Im currently following the following GitHub for guidance on storing user data from ASP.Net Identity into Mongo: https://github.com/g0t4/aspnet-identity-mongo . With a basic proof of concept, I have been able to successfully store user data. The current issue that I am facing is my application requires two types of users (both will be stored to the same Mongo collection).

For simplicity, we can call the users A and B. Both A and B are setup as models and have their own properties. My initial idea was to setup both A and B as derived classes of ApplicationUser (see the IdentityModels.cs file in the referenced repo).

Registration into my application worked perfectly with this architecture and JSON documents were posted/stored into my MongoDB. The issue is when I try to login. Upon posting, I get the server error:

Element does not match any field or property of class Models.ApplicationUser

The error goes away when I put all of model A's elements into ApplicationUser; however, this leaves the issue of model B not being accounted for. As such, I wanted to ask what the best path would be for me to take with this? Some ideas I was batting around involved creating two unique UserManagers, using one large JSON document with all elements (seems kinda unorganized), or perhaps using one UserManager with an adapter for the two models?
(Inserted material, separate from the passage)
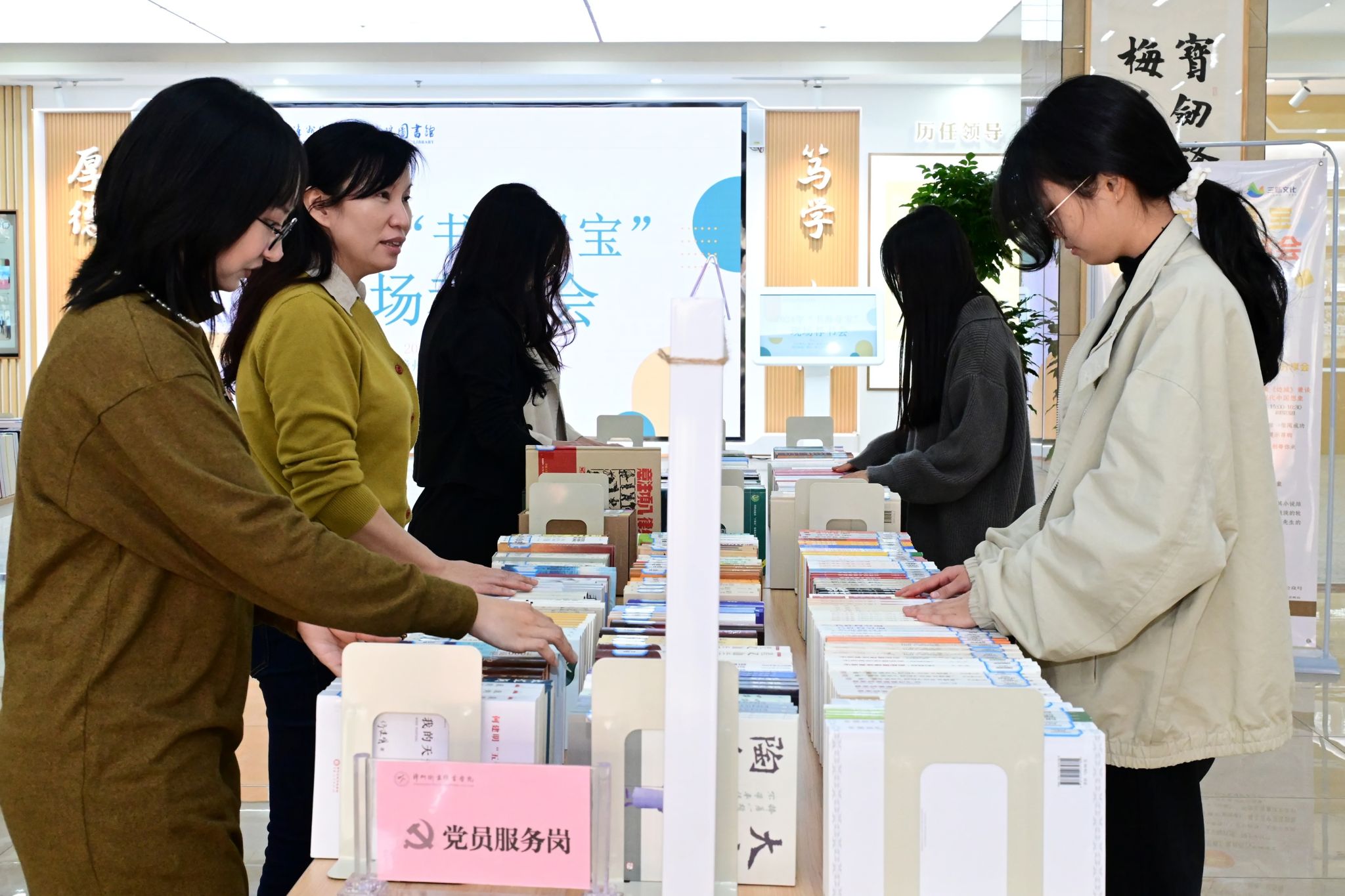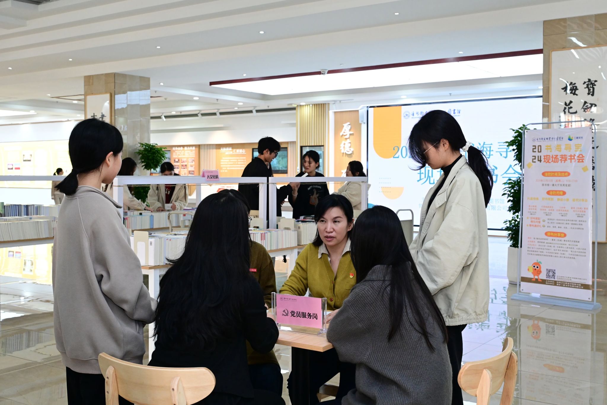 12月10日下午,图书馆在一楼大厅开展2024年“书海寻宝”现场荐购,以持续推进书香校园建设。活动始终,党员先锋示范岗如灯塔般闪耀光芒,馆长带领全体馆员投入各环节,切实发挥党员的先锋模范作用,以高度责任感和使命感保障活动顺利进行。

The way you've set this up is fine, and the way it should be. The problem seems to be in how Mongo handles the inheritance, although you'd still have a different but equally problematic issue with something like SQL Server.
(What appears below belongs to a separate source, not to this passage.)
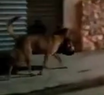 Dog carrying beaner head (poor dog).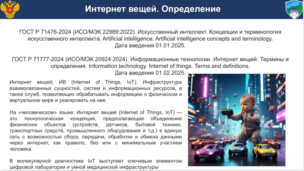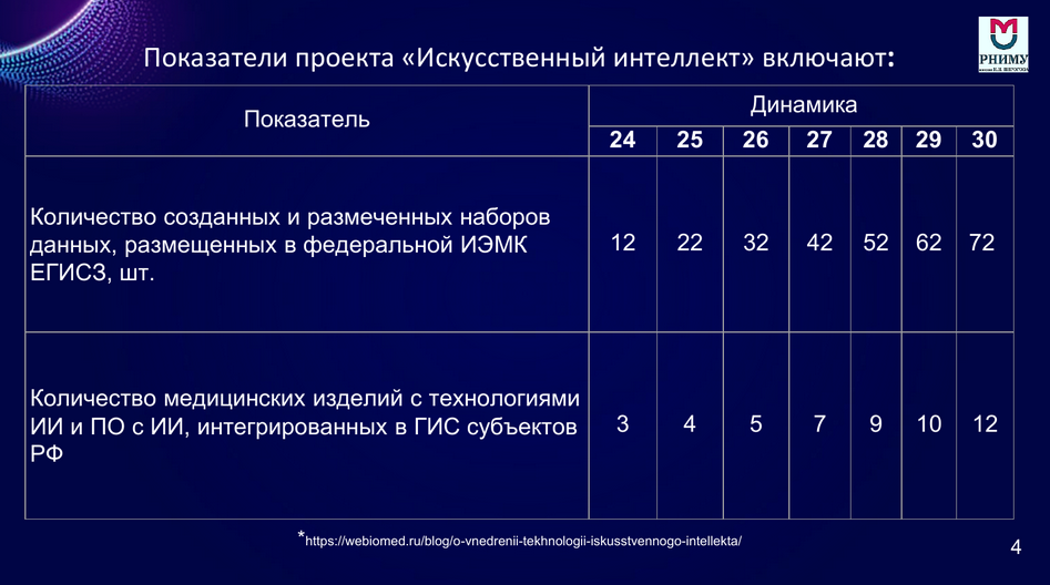 Цифровая трансформация, о которой говорилось в предыдущем докладе, — это качественное, а не количественное преобразование нынешней ситуации. Для решения ее задач утверждено стратегическое направление в области цифровой трансформации до 2030 года и проект «Искусственный интеллект». Этот проект имеет два основных показателя. Первый из них — количество созданных и размеченных наборов данных для ИИ, которое предполагается увеличить с 12 (на 2024-й год) до 72 к 2030-му году. Второй — количество медицинских изделий с технологиями ИИ, интегрированных в клиническую практику (в 2024 году их было зарегистрировано три).

In short, what seems to be happening here is that you're essentially upcasting UserA / UserB to ApplicationUser , but since the JSON includes properties from those derived classes, which ApplicationUser doesn't, Mongo is choking on it. The solution is to use multiple UserManager s. It's a generic type that takes a TUser type param. The default implementation is UserManager<ApplicationUser> , but that assumes everything is an ApplicationUser . If you have derived user types, then you need to use type-specific UserManager<TUser> instances for those, ie UserManager<UserA> and UserManager<UserB> .

FWIW, the problem you'd experience with another data store is that the type that is saved is what determines the value of the Discriminator column added to instantiate the right type with queries. Even if you're creating UserA , for example, if you use an instance of UserManager<ApplicationUser> , it will be upcast to ApplicationUser and saved as ApplicationUser , not UserA . This is similar to what's happening in your Mongo setup, but something like SQL Server would accept it happily (although your data would then be messed up), whereas Mongo is erroring out.

Long and short, always use a UserManager<TUser> instance that's specific to the user type you're working with.